SOME are calling 2016 the gloomiest year since the gloom index began, but hey, it’s Christmas, and people shop. And who am I to be a lefty killjoy? So despite Scrooge-like wage raises, despite Trump, despite the post-Brexit blues, UK consumers are spending five per cent more than last year, because British tradition dictates that there’s only one way to escape your economic troubles: buy it on the never never.

Shops, cafes, restaurants, online retailers and cowboy delivery are booming as if the apocalypse was happening somewhere else. But these are still cut-throat times. And, coincidentally, retail workers, waiting staff, bartenders, warehouse workers at online firms and post-privatisation mail delivery drivers all have something in common. All are likely victims of precarious work. Low-paid, unsecured temporary employment is endemic in these professions. Christmas is boom time for the gig economy and for radical exploitation.

In Scotland, a spirited campaign led by teenage and twenty-something workers is fighting to raise awareness of this injustice. Better Than Zero activists are using high-profile stunts this Christmas to target “bad employers” on Scotland’s high streets and industrial estates.

Some bad employers are small businesses that need to grasp every last penny of profit at Christmas time. But many of the rottenest offenders are multibillion-pound conglomerates that you’ll find in Tokyo, Rome and Baghdad as well as Glasgow. Cafe chains like Caffé Nero and Costa, franchises like McDonald’s and superstores like ASDA and Tesco could easily afford to pay well.

They choose not to, because shareholders and profit-making comes first. Yet high street companies – and online retailers like Amazon – are super brand-conscious. They depend on their reputation to sell us products or experiences, and their websites are plastered in their “ethical business” credentials. Ho ho ho!

Theoretically, they should be extra vulnerable to challenges by their employees, who are among the lowest-paid and most exploited in Britain. After all, these firms don’t really manufacture things: they manufacture the brand, which is really positive emotional associations with products. But they’re creating this warm human glow while dehumanising their workers.

How do they get away with it? In a word, silence. Politicians and mainstream media haven’t either the time or the inclination to do investigative work at the bottom end of British capitalism. High street firms employ huge PR, media and legal teams to preserve their tender and fuzzy “ethical-hipster” reputation. Workplace bullying and insecure contracts help to terrorise those who want to speak out. The worst part is that many young workers are simply becoming acclimatised to taking shit from little Hitlers in a nametag.

The message we hear about the British high street is tightly controlled. We see the John Lewis Christmas ad, the white-toothed smiling staff and the twinkling lights. We’re trained not to see the reality. That’s why Better Than Zero’s campaign is a valuable reminder of the dark side of the Christmas boom.

Better Than Zero, for me, also highlights the future of defending ourselves in work. Trade unions grew up with Britain as the workshop of the world, and their mode of organisation grew up around the production of things, because Britain produced things. Later, the unions adapted to white-collar employment in the mass public-sector bureaucracy.

However, increasingly, Britain doesn’t produce things. Britain has lost another 385,500 manufacturing jobs since the crash of 2008. The traditional service occupations aren’t looking healthy either. Public-sector employment is also at its lowest since 1999, and local authorities in particular have shed 700,000 jobs since 2010. We’ll fight that, but even recovering these lost jobs will be a major battle and we’re swimming against the current with a Tory government in charge.

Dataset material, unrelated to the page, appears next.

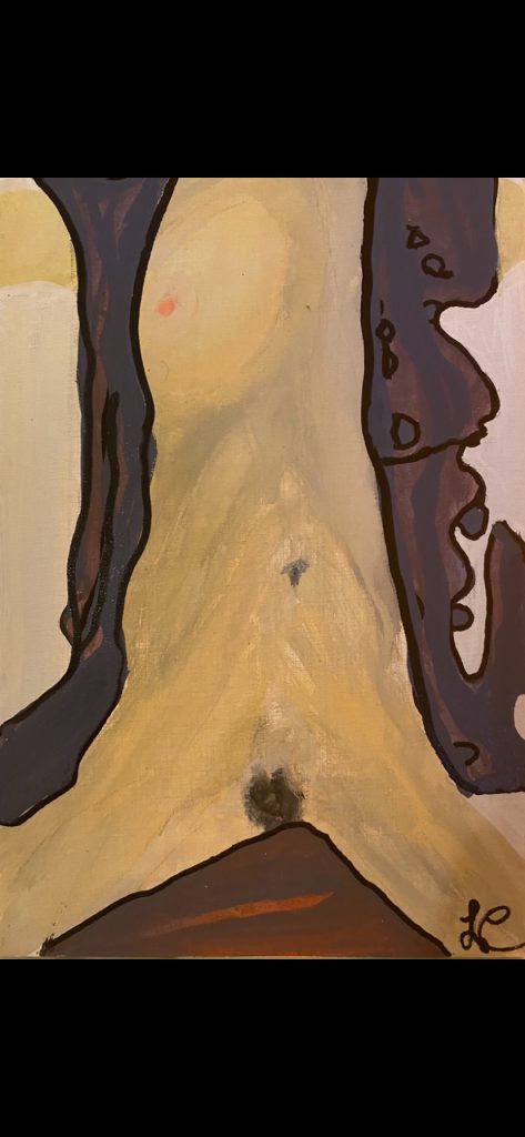De manière instinctive, j’ai peint sur la toile comme par magnétisme, de manière charnelle, brute, le ressenti du corps.

Manufacturing and the public sector have something in common: they are not brand conscious. Trade union strategy here thus depends on sheer industrial and financial muscle. The new, burgeoning forms of retail and services are, by contrast, brand-obsessed. They are mobile, media-savvy and self-consciously “aware” of what customers think about them.

To recover its old strength, trade unionism is beginning to adapt accordingly. We need to use their image-consciousness against the bad employers to raise conditions across the board.

Groups like Better Than Zero are doing precisely this. Its activists are young, internet-native and focused on changing attitudes.

But they also need us. It’s our own shopping, eating and drinking merriment experience that’s the real stake in this. The contemporary high street corporation, every bar and restaurant, creates a fantasy world of fairy lights, nostalgia and designer ethics so we can feel comfortable spending money we don’t have. Behind the scenes there’s low pay, insecurity, bullying management and astronomical profits. We’re half aware of it. But often we choose to embrace the fantasy instead. It just seems nicer.

By choosing to notice the workers who make the Christmas experience happen, we’ll play our part in holding these companies to account. The next time you’re complaining about some harassed serf’s lack of deference in a cafe or a store, think: am I part of the problem here?

Ultimately, we need a better economic model. Every year, Christmas comes along to bail out the British economy, and it’s not sustainable: there’s a crunch to come. However, the retail and hospitality economy is here to stay. And we ignore it at our peril, because it’s likely to be a decisive battleground in the future fight for decent jobs and social justice.